Your job is to give again, exactly and with no additions, the lines in the records below from the one with "(PlaisteL) Women's Maxi" through the one with "exciting Vegas-style play.", both included. Omit the pictures.

═════ Raw data ═════

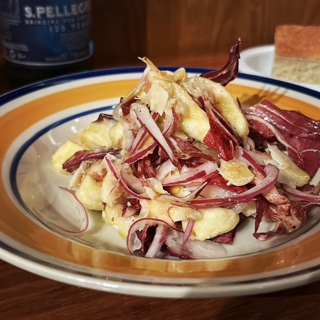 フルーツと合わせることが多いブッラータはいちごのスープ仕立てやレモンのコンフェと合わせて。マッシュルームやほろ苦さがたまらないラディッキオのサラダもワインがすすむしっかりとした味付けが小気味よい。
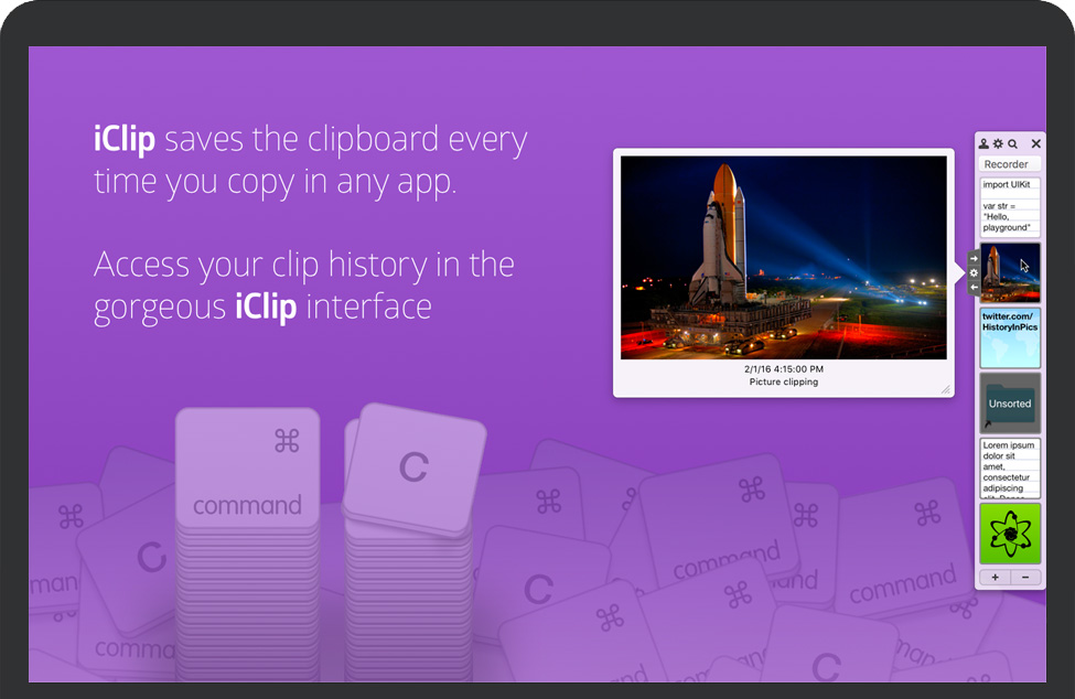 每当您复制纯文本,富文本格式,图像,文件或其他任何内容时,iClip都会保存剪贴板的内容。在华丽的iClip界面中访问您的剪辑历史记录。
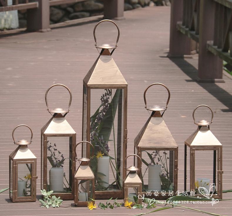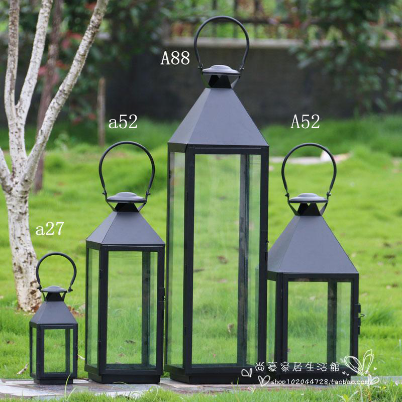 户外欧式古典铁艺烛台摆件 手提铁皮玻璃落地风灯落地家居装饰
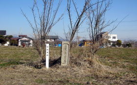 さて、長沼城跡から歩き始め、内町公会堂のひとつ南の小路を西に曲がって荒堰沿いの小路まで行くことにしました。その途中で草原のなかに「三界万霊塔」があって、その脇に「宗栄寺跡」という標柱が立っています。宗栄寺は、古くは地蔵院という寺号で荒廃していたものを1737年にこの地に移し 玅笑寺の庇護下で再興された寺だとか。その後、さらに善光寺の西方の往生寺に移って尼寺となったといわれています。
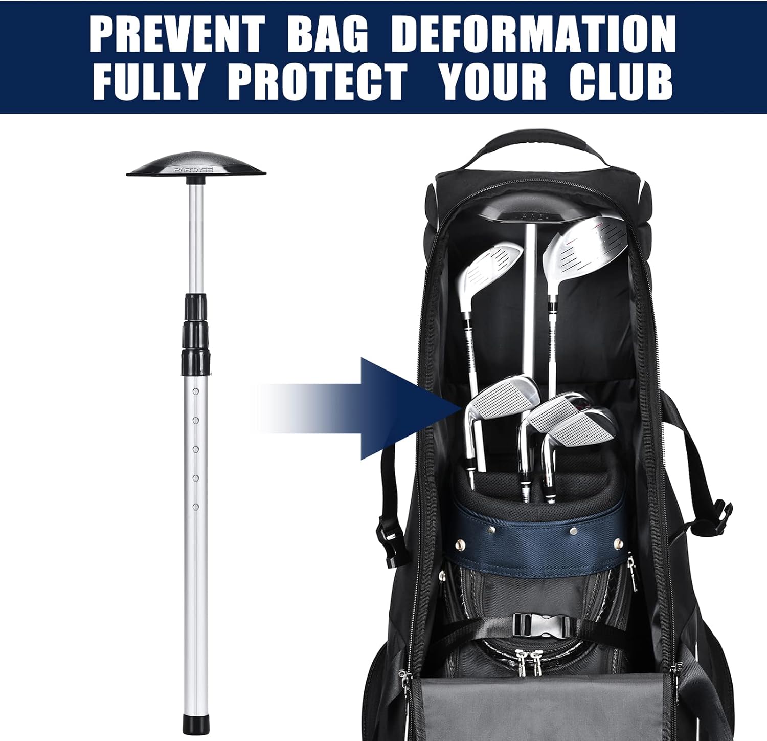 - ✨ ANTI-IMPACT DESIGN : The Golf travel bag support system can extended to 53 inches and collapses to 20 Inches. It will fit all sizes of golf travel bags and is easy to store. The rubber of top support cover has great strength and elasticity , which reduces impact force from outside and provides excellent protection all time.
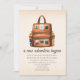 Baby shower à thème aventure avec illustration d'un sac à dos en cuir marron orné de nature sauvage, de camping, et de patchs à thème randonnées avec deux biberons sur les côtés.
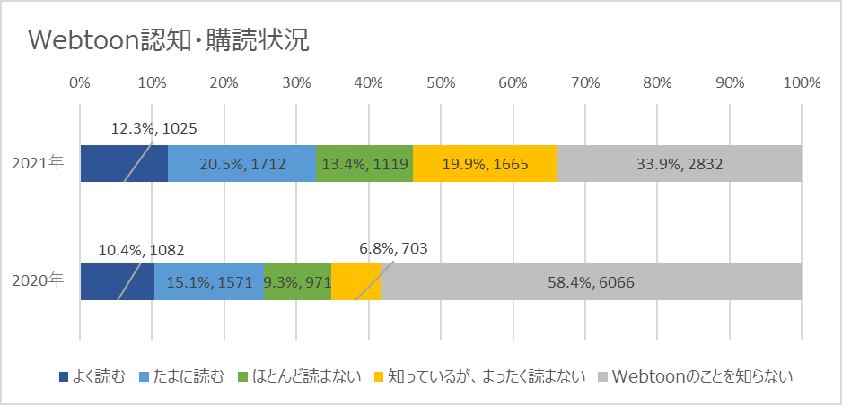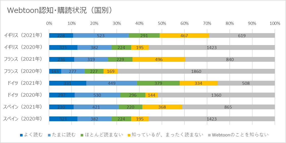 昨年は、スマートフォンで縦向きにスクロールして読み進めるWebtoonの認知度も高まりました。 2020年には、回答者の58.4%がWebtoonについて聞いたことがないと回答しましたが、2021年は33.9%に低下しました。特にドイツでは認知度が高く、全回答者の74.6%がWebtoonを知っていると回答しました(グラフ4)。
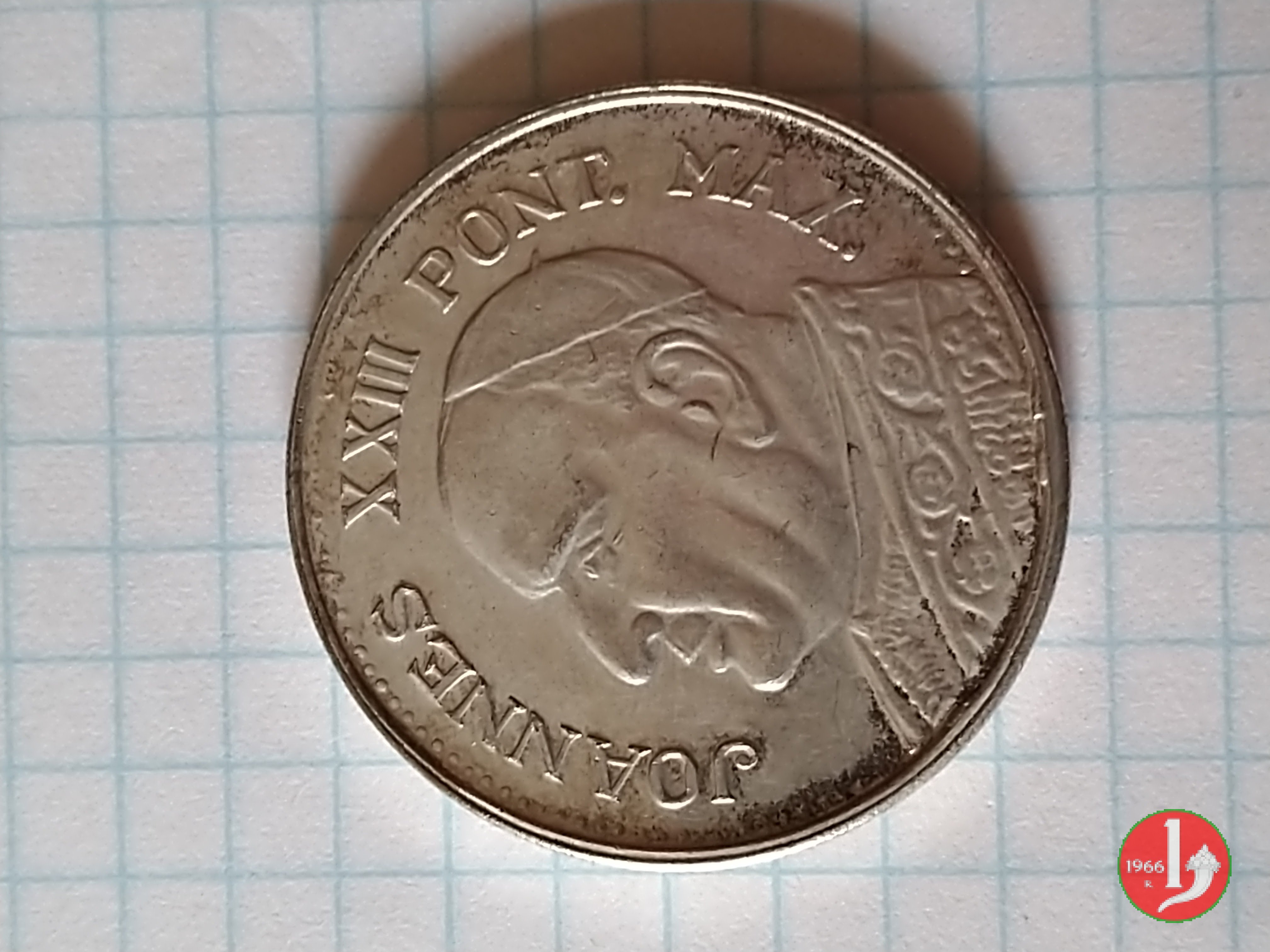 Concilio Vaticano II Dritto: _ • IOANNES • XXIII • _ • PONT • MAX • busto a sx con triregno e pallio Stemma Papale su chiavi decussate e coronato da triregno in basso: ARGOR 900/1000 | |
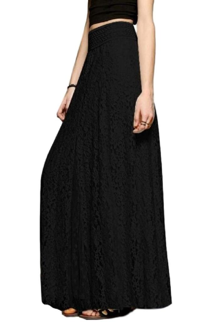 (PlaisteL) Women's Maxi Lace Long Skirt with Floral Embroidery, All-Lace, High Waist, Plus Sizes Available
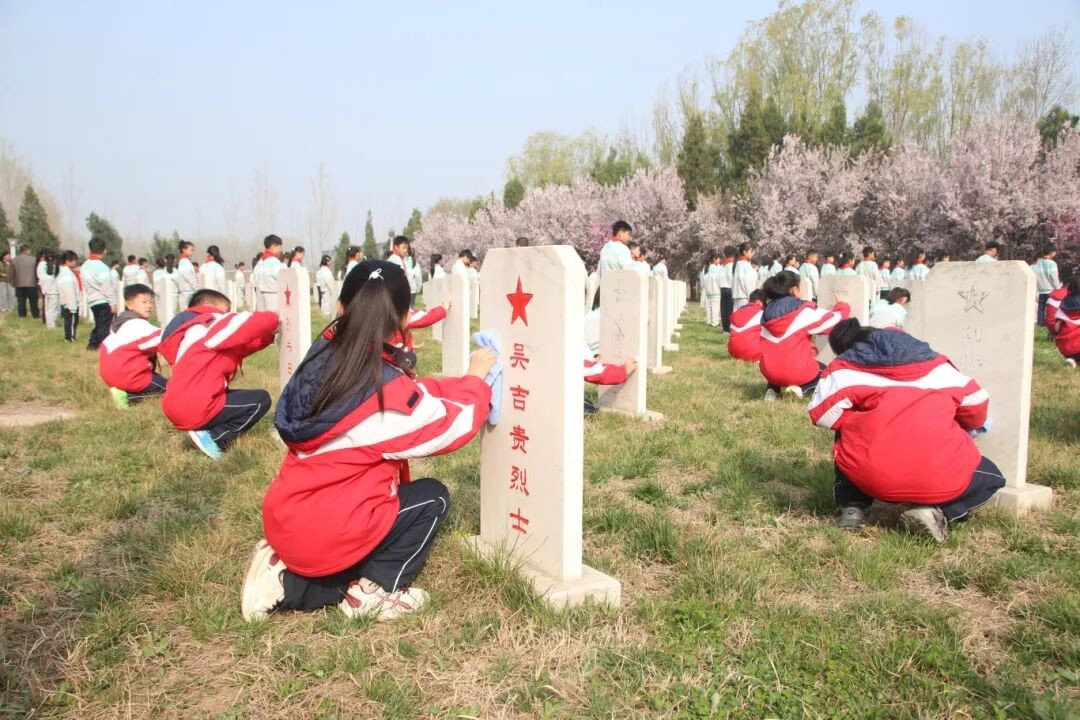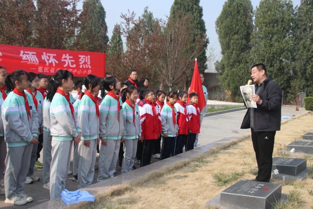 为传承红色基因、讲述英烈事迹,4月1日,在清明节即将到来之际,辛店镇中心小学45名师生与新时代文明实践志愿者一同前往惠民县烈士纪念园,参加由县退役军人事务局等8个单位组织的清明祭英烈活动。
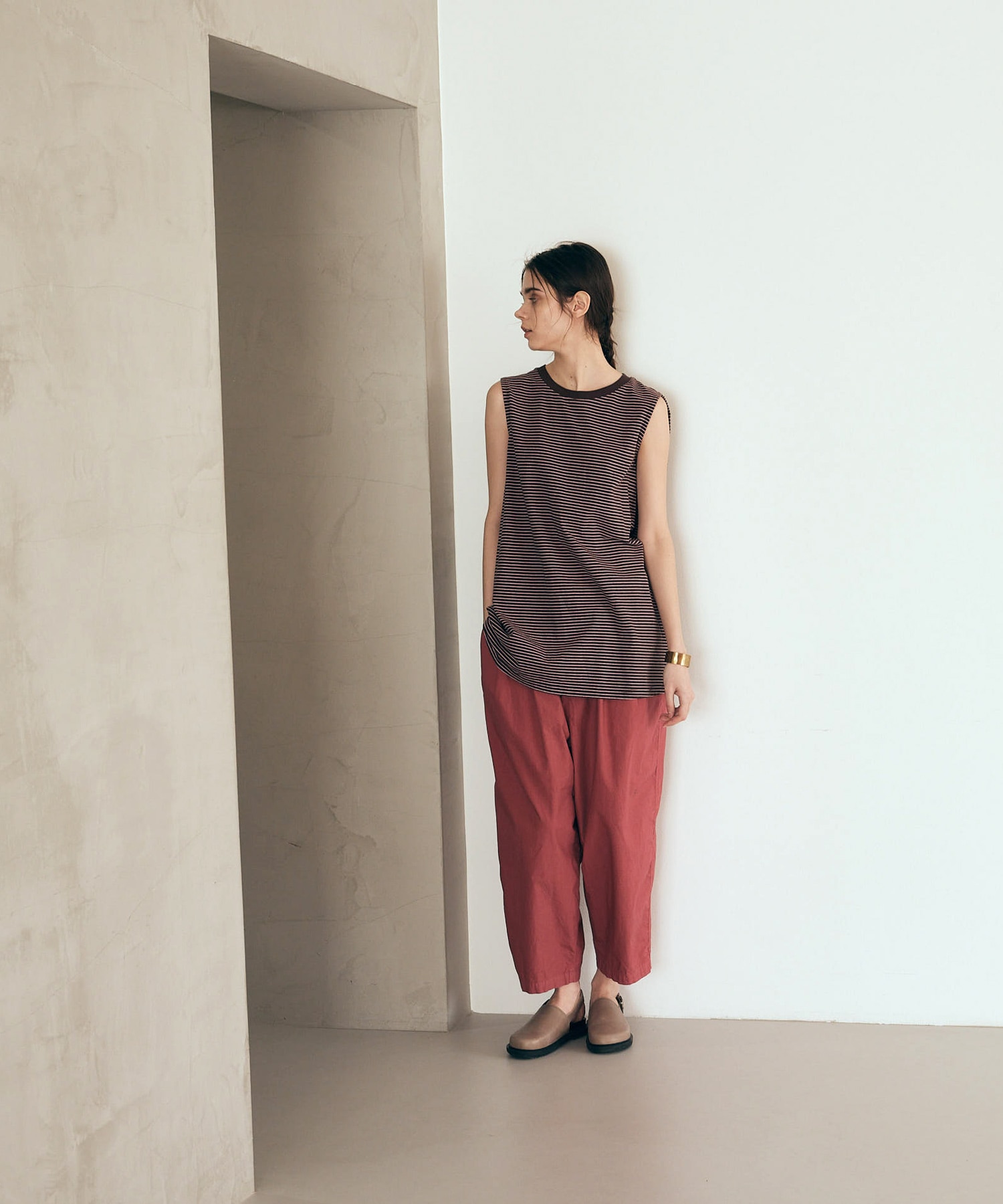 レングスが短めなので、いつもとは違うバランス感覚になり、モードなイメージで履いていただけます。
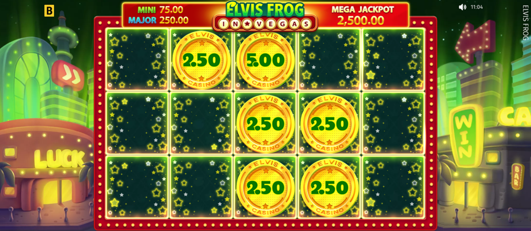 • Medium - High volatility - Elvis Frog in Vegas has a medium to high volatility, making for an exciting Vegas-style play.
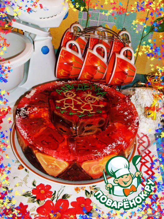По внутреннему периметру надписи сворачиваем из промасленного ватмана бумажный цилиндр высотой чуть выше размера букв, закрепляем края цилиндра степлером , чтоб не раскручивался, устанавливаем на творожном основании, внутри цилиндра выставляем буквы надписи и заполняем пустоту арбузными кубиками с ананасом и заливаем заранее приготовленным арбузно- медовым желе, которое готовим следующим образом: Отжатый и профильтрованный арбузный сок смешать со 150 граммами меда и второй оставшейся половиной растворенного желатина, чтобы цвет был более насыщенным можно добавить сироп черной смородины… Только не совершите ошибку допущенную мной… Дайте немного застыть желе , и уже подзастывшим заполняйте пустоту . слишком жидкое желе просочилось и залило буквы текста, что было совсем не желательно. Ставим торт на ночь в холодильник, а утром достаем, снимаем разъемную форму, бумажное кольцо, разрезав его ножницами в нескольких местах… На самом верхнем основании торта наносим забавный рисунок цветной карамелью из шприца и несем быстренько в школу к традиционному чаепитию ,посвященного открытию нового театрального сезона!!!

═════

Exercise solution
 (PlaisteL) Women's Maxi Lace Long Skirt with Floral Embroidery, All-Lace, High Waist, Plus Sizes Available
 为传承红色基因、讲述英烈事迹,4月1日,在清明节即将到来之际,辛店镇中心小学45名师生与新时代文明实践志愿者一同前往惠民县烈士纪念园,参加由县退役军人事务局等8个单位组织的清明祭英烈活动。
 レングスが短めなので、いつもとは違うバランス感覚になり、モードなイメージで履いていただけます。
 • Medium - High volatility - Elvis Frog in Vegas has a medium to high volatility, making for an exciting Vegas-style play.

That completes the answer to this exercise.